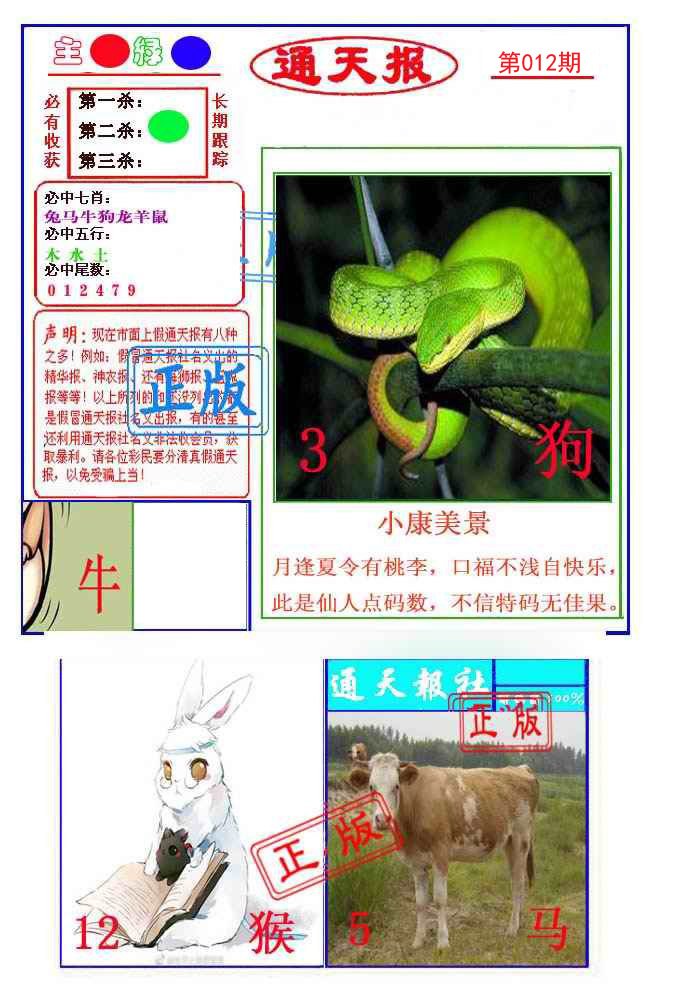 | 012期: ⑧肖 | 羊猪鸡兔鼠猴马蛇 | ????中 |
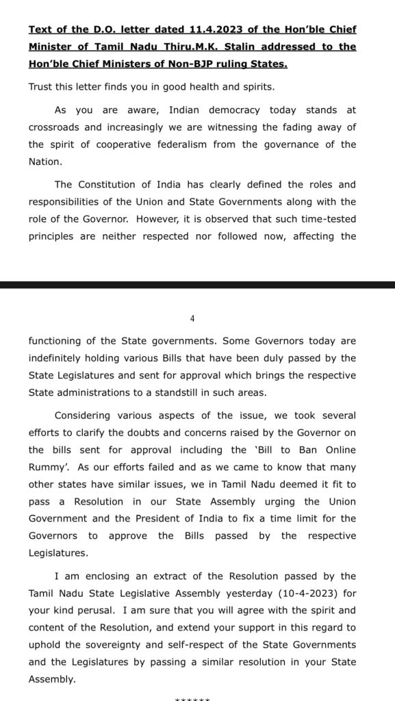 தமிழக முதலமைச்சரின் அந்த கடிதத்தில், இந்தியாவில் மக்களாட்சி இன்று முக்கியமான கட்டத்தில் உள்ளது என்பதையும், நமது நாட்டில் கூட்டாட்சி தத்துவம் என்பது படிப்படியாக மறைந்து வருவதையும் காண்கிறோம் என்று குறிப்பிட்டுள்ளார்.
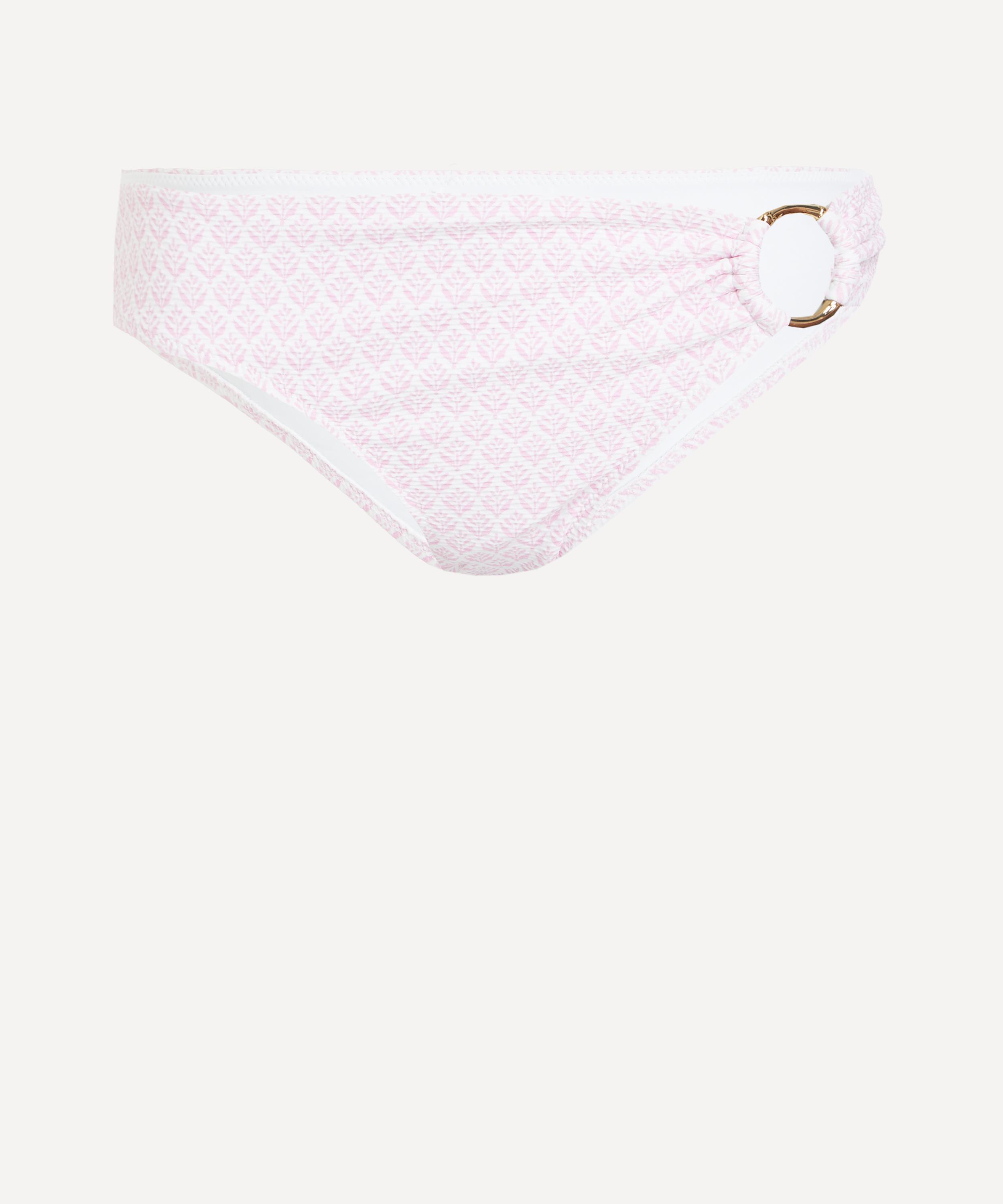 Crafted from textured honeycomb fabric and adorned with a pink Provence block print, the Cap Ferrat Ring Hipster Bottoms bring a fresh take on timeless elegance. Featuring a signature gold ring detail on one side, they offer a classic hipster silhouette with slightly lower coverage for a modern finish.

++++++++++++++++++++

HOW TO COMPLETE THIS TASK.
No picture belongs in the copy; return the rest of the listing exactly.

YOUR RESPONSE.
 | 012期: ⑧肖 | 羊猪鸡兔鼠猴马蛇 | ????中 |
 தமிழக முதலமைச்சரின் அந்த கடிதத்தில், இந்தியாவில் மக்களாட்சி இன்று முக்கியமான கட்டத்தில் உள்ளது என்பதையும், நமது நாட்டில் கூட்டாட்சி தத்துவம் என்பது படிப்படியாக மறைந்து வருவதையும் காண்கிறோம் என்று குறிப்பிட்டுள்ளார்.
 Crafted from textured honeycomb fabric and adorned with a pink Provence block print, the Cap Ferrat Ring Hipster Bottoms bring a fresh take on timeless elegance. Featuring a signature gold ring detail on one side, they offer a classic hipster silhouette with slightly lower coverage for a modern finish.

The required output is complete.